Article 28. Toute personne a droit à ce que règne, sur le plan social et sur le plan international, un ordre tel que les droits et libertés énoncés dans la présente Déclaration puissent y trouver plein effet.

Article 29, 1. L'individu a des devoirs envers la communauté dans laquelle seul le libre et plein développement de sa personnalité est possible. 2. Dans l'exercice de ses droits et dans la jouissance de ses libertés, chacun n'est soumis qu'aux limitations établies par la loi exclusivement en vue d'assurer la reconnaissance et le respect des droits et libertés d'autrui et afin de satisfaire aux justes exigences de la morale, de l'ordre public et du bien-être général dans une société démocratique. 3. Ces droits et libertés ne pourront, en aucun cas, s'exercer contrairement aux buts et aux principes des pays signataires.

Article 30. Aucune disposition de la présente Déclaration ne peut être interprétée comme impliquant pour un Etat, un groupement ou un individu un droit quelconque de se livrer à une activité ou d'accomplir un acte visant à la destruction des droits et libertés qui y sont énoncés.

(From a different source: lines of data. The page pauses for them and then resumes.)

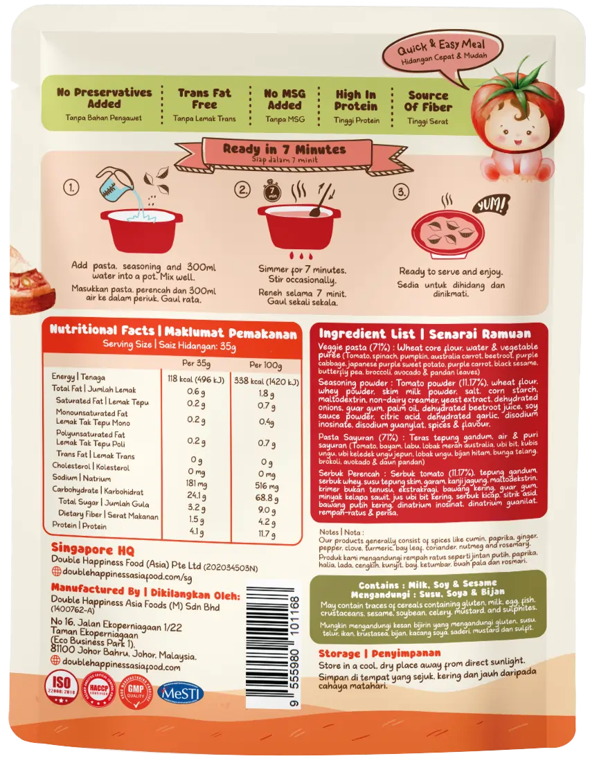 Ingredients | Veggie pasta (71%): Wheat core flour, water & vegetable puree (Tomato, spinach, pumpkin, australia carrot, beetroot, purple cabbage, japanese purple sweet potato, purple carrot, black sesame, butterfly pea, broccoli, avocado & pandan leaves). Seasoning powder: Tomato powder (11.17%), wheat flour, whey powder, skim milk powder, salt, corn starch, maltodextrin, non-dairy creamer, yeast extract, dehydrated onions, guar gum, palm oil, dehydrated beetroot juice, soy sauce powder, citric acid, dehydrated garlic, disodium inosinate, disodium guanylat, spices & flavour. |
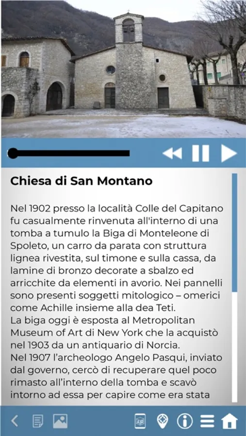 Se un punto di interesse o un bene culturale segnalato sarà nelle vicinanze allora l’APP automaticamente attiverà l’audioguida di quel punto e consentirà la consultazione della scheda monumento in modalità touchless. In basso è presente il pannello di controllo. Per consultare le schede degli attrattori culturali basta toccare il tasto MENU. Gli altri pulsanti attivano la REATÀ AUMENTATA (AR), permettono di accedere alla schermata MAPPA e consentono di riportare l’utente al pannello INFO.
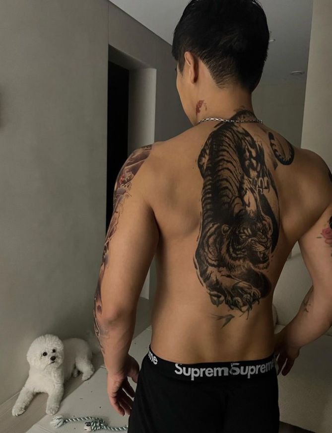 등쪽에는 포효하는 호랑이가 가슴에는 파도 위로 솟구치는 물고기들이 그려졌다. 왼쪽 팔을 따라서도 길게 문신이 그려져 영화 ‘범죄도시’ 시리즈에서 흔히 보던 건달 포스를 풍겼다.
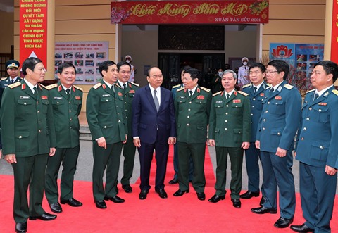 | Le Premier ministre Nguyên Xuân Phuc (centre) et des soldats et officiels de la Division de la défense aérienne 361, le 8 février à Hanoï. |
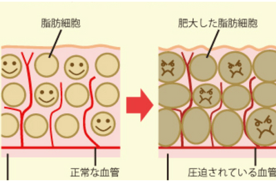 運動不足や食べ過ぎで脂肪細胞がどんどん大きくなって毛細血管が押しつぶされている状態。。
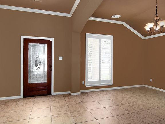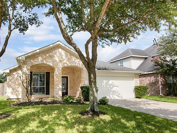 Immaculate & move-in ready on quiet cul-de-sac. Attractive 1 story home with covered front porch & stone facade. Lead glass front door leads to tile entry hall & living areas. Tile throughout with carpet only in 2 bedrooms. Formal dining room to left of entry hall leads to central kitchen via small hallway with double door pantry & utility room (washer/dryer incl). Island kitchen updated with Stainless steel appliances (all included), beautiful granite counters & tumbled stone backsplash. Double sink with oil-rubbed bronze hardware. Off the kitchen is a breakfast area & then the living room. Living room has gas fireplace, plantation shutters & surround sound. Primary Suite is located at the back of the house with wood-look tile, 2 walk-in closets, double sinks, separate spa garden tub & shower. Extended hallway creates study nook /play area near 2 secondary bedrooms & hall bathroom. Exterior is brick on 3 sides for easy maintenance. Extended back patio. Auto sprinkler system.
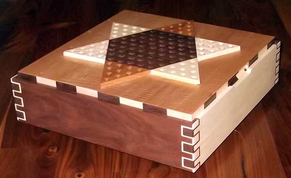 I was given complete creative design on this chinese checkers. It was also my first attempt at a double-double box joint and also veneering. I used walnut, maple, cherry, and oak
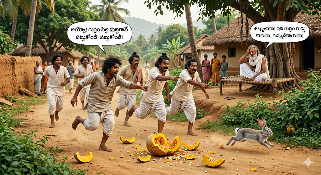 పగిలిన గుమ్మడికాయను చూసిన శిష్యులు, ఆ పరుగెడుతున్న కుందేలే ‘గుర్రం పిల్ల’ అనుకున్నారు. “అయ్యో! మన గుర్రం పిల్ల పుట్టగానే పారిపోతోంది.. పట్టుకోండి! పట్టుకోండి!” అని అరచుకుంటూ ఆ కుందేలు వెనుక పరుగెత్తారు. కానీ కుందేలు దొరుకుతుందా? అది అడవిలోకి మాయమైపోయింది.
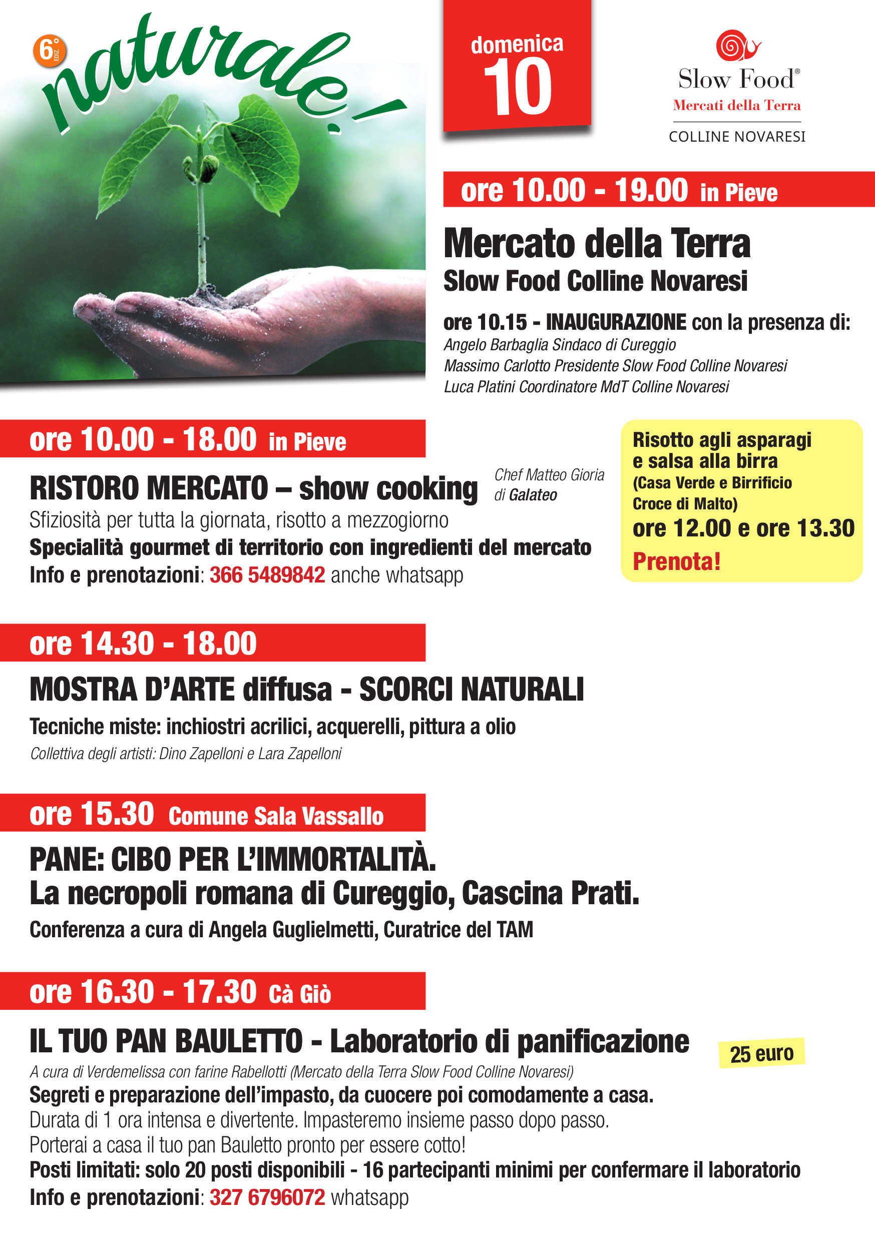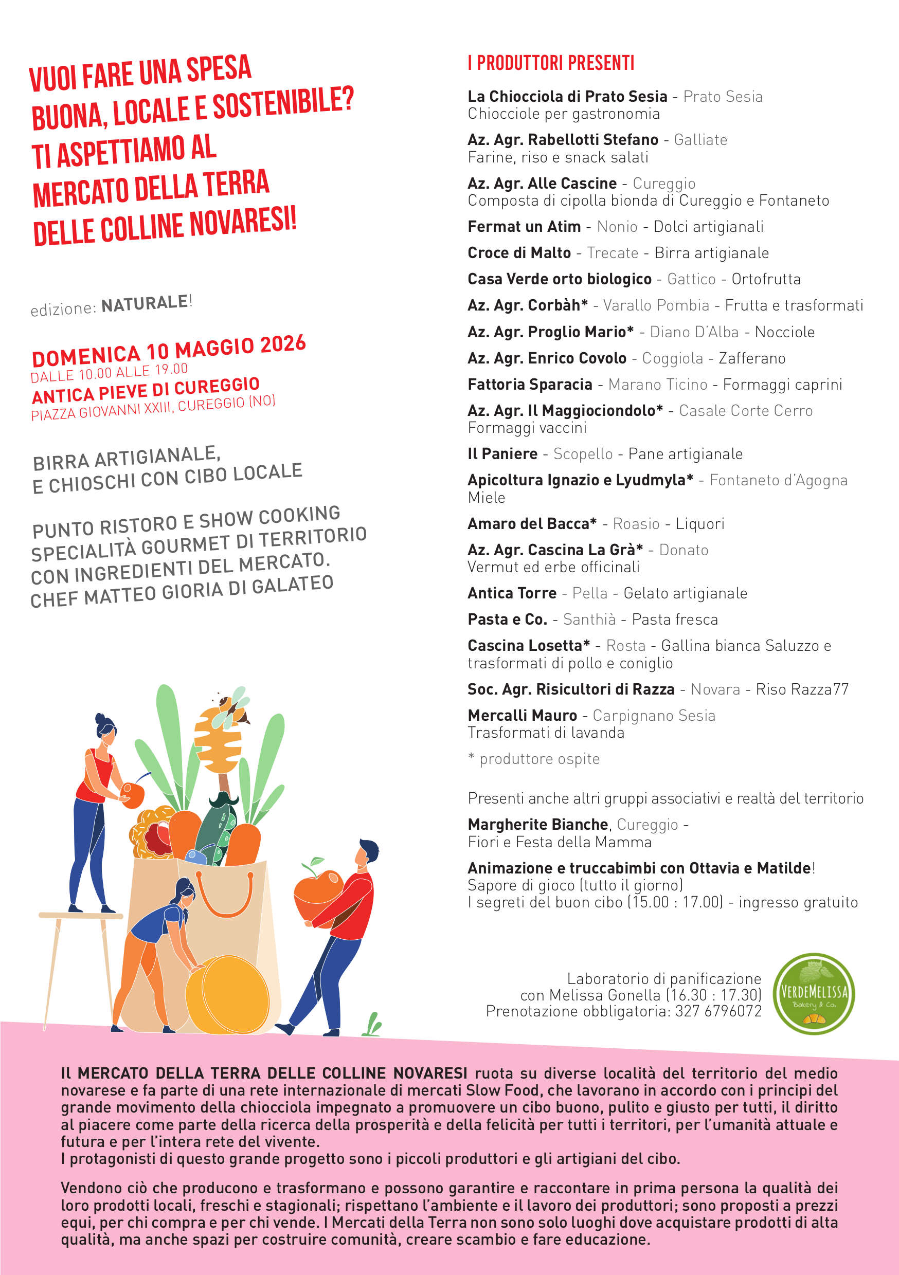 IL TUO PAN BAULETTO – Laboratorio di panificazione, a cura di Verdemelissa con farine Rabellotti (Mercato della Terra Slow Food Colline Novaresi). Segreti e preparazione dell’impasto, da cuocere poi comodamente a casa. Durata di 1 ora intensa e divertente. Impasteremo insieme passo dopo passo. Porterai a casa il tuo pan Bauletto pronto per essere cotto! Posti limitati: solo 20 posti disponibili – 16 partecipanti minimi per confermare il laboratorio. Costo di partecipazione 25 euro. Info e prenotazioni: 327 6796072 Whatsapp.
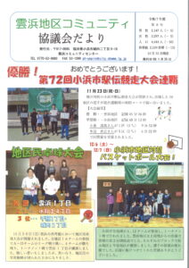 令和6年度の市民体育祭が10月20日日曜日に 小浜市総合運動場で開催されました 雲浜地区は綱引きやボール送りゲームなどで1位を獲得 また、大縄跳びでも2位に入るなど各種目で参加した地区民の皆さんが 大活躍していただき、み […]

Article 31. Le droit d'aimer et d'etre aimé en retour est un droit fondamental que la nature a inscrit aussi bien chez les humains que chez les avortiums. L'amour, qu'ill soit dans un but reproductif ou non, n'a pas à etre interdit. L'age de la maturité est également un règle fondamentale pour les rapports. Les mineurs nayant pas achevé leur maturité, aussi bien physique que mentale, doivent êtres protégés de toutes relations scuseptibles d'entraver à la loi et à leur sécurité.


Annexe : Il est à noter que cette Déclaration Universelle ne s'est, en vérité, que très peu exercée durant l'Histoire de la saga Asyos. Même si des peuples comme l'Eurasie ou Zeta-Canis l'ont appliqué comme il se devait, beaucoup d'autre ont préféré ne pas y prendre attention.

Il est aussi de bon ton de prendre en compte que cette Déclaration n'est, de base, appliquable qu'a l'être Humain et Avortium, et qu'elle réclamerait des changements ou améliorations pour être appliquable à des entités Xénos, considérant que celles-ci puissent être radicalement différentes des Humains et Avortium sur le modèle physique, psychologique et émotif.